One of the funniest things ever recorded is comedian Paul F. Thompkins' impersonation of Herzog.  ("Trader Joe's on Hyperion.")  There is, thankfully, much more.

And it's funny because it's half true.

No doubt Herzog is no typical Romantic.  He sees no easy, seamless connection between humans and our environment.  He sees no ultimate redemption in our willingness to commune with forest or jungle or wildlife habitat.  Shamanism is for suckers.

Famously, in a documentary about Fitzcarraldo, he comments that the jungle birds aren't singing, they're screaming in pain.
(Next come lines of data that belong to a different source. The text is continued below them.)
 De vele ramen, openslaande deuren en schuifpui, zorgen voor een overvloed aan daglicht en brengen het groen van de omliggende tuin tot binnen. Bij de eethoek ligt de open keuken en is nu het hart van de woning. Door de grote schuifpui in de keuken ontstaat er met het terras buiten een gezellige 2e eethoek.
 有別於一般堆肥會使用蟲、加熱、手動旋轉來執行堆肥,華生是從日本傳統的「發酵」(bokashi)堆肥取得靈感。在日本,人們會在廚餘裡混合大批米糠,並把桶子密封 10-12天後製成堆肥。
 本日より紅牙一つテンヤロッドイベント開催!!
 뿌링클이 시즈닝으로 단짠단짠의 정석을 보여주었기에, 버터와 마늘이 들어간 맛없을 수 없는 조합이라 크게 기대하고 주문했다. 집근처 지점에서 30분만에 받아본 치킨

But once in a while he gives up the game.  While nature isn't exactly our friend, it's worthy of our respect.  In The White Diamond (2004) he has the opportunity, via the talents of a professional mountain climber, to record footage from a sacred cave behind a waterfall.  It's been untouched by humans for centuries.  He refuses to do so.  Why not?  Out of respect for the locals and their beliefs in part, but tonally it's clear Herzog is more concerned with breaching some unspoken pact with yet another unknowable, physical place.

Nature is not some demi-monde for Christian or Romantic faith, but it is a space like any other that must be respected and analyzed.  There is dirt and trees and plants and life.  And birds, of course.
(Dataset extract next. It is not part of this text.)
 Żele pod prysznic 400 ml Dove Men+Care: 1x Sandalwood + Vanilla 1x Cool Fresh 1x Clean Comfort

If only to push back on the stereotype of the cold nihilist yet again, Herzog is by his own admission a lifelong walker and hiker whose only friend growing up was the Bavarian landscape (Portrait of Werner Herzog 1968).

There is a necessarily symbiotic but impossibly absurd relationship between nature and humanity, but a relationship nonetheless.

2.  Dreams

In the recent documentary Lo and Behold, Reveries of the Connected World (2016) Herzog deal with Artificial Intelligence.  Interviewing various experts in the field he has two simple questions for the realization of true A.I. -- Can a machine fall in love?  Can the internet dream of itself?

Again, the portrait of the German nihilist with no concern for human sympathy was partly an invention of the young, angry-ish artist himself and the rise of the German New Wave.  Herzog is no naive Romantic, but he's not at all above asking essential questions as to what we share, even when communication is difficult.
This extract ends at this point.